Research output: Contribution to journalReview articlepeer-review


• Objective: To review the clinical characteristics, epidemiology, and management of the most common neuropsychiatric symptoms (NPS) in Parkinson's disease (PD). • Methods: Literature review. • Results: PD has traditionally been considered a disease of impaired motor function. However, neuropsychiatric complications, such as fatigue, depression, anxiety, psychosis, impulse control disorders, and apathy, frequently complicate the course of the illness. Although the development of new medication options in recent years has had a positive benefit on the management of these troublesome symptoms, responses are frequently suboptimal. The development of valid instruments to measure neuropsychiatric symptoms has been vital in research efforts to bridge the gaps in our understanding.

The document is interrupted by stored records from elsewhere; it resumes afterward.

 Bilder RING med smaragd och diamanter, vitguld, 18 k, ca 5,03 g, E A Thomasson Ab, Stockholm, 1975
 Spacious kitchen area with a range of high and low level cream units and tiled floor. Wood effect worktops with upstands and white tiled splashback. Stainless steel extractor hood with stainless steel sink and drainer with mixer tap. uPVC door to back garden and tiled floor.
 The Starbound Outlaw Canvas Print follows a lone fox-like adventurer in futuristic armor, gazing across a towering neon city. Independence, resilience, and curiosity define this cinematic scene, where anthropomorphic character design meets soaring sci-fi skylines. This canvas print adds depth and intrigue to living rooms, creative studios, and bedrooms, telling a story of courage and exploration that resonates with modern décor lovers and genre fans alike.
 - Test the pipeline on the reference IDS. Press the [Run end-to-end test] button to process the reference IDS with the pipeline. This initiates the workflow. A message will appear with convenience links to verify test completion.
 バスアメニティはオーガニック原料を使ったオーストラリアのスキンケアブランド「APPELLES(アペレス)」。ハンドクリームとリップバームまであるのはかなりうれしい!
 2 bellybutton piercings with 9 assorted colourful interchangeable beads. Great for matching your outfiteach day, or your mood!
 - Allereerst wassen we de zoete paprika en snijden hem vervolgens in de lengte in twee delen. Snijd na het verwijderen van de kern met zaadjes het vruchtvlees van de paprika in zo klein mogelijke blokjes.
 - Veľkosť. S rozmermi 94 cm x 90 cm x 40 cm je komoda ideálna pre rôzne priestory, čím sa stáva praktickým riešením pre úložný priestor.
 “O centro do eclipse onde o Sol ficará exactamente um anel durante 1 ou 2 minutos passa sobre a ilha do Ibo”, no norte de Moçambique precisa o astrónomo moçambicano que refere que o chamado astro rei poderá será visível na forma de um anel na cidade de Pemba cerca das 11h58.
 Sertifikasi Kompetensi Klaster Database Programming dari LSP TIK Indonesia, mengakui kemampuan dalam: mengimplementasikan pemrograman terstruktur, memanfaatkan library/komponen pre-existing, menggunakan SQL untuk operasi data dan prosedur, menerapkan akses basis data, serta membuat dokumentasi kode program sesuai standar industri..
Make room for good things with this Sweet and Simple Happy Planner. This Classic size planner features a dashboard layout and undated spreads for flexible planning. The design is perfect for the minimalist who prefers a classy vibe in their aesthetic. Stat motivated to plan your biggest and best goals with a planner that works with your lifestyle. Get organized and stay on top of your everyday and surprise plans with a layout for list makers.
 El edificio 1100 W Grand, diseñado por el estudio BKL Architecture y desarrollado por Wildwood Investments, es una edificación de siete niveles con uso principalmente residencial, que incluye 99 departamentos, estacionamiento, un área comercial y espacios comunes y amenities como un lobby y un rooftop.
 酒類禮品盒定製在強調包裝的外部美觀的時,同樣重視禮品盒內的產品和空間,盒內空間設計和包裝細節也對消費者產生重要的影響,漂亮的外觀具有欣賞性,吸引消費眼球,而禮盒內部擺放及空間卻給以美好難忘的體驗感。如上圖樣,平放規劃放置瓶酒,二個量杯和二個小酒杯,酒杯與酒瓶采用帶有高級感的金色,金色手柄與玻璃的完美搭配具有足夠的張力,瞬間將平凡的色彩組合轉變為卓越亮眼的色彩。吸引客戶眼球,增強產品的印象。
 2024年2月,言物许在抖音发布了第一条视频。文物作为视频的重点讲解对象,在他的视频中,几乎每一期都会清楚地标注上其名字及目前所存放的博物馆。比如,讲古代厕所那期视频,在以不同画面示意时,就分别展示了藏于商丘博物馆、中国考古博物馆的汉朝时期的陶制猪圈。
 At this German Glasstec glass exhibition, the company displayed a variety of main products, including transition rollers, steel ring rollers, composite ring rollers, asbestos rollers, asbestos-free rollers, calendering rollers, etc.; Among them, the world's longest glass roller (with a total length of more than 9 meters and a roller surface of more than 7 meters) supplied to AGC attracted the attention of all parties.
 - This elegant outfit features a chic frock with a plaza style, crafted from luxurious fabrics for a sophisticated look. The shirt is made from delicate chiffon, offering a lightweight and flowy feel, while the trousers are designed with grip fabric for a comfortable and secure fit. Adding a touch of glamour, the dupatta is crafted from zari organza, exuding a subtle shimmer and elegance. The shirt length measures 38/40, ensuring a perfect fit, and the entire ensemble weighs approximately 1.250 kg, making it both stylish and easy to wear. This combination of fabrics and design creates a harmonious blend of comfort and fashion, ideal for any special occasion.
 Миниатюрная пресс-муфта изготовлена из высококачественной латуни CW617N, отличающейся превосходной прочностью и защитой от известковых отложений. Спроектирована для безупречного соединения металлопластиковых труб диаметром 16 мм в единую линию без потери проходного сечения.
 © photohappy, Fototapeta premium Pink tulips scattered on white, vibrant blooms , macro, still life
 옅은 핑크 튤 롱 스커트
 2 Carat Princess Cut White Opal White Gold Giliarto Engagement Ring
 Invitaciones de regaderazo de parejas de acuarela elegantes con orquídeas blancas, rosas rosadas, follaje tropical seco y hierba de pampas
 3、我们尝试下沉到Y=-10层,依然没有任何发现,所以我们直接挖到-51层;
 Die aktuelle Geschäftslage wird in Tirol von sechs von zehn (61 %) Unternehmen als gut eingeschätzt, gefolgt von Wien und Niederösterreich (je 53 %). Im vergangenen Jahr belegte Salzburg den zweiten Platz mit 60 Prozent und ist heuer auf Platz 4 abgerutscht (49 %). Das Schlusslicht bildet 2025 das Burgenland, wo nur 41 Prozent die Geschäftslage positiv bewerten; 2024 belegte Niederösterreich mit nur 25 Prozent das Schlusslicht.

Further elucidation of neuropsychiatric pathophysiologies will help to define treatment targets and has the potential to expand our therapeutic armamentarium. • Conclusion: While NPS affect patients with established disease, recent investigations have demonstrated risk of symptoms in those with early untreated stages of PD; therefore, better understanding of NPS should be the goal of practitioners treating the entire continuum of PD.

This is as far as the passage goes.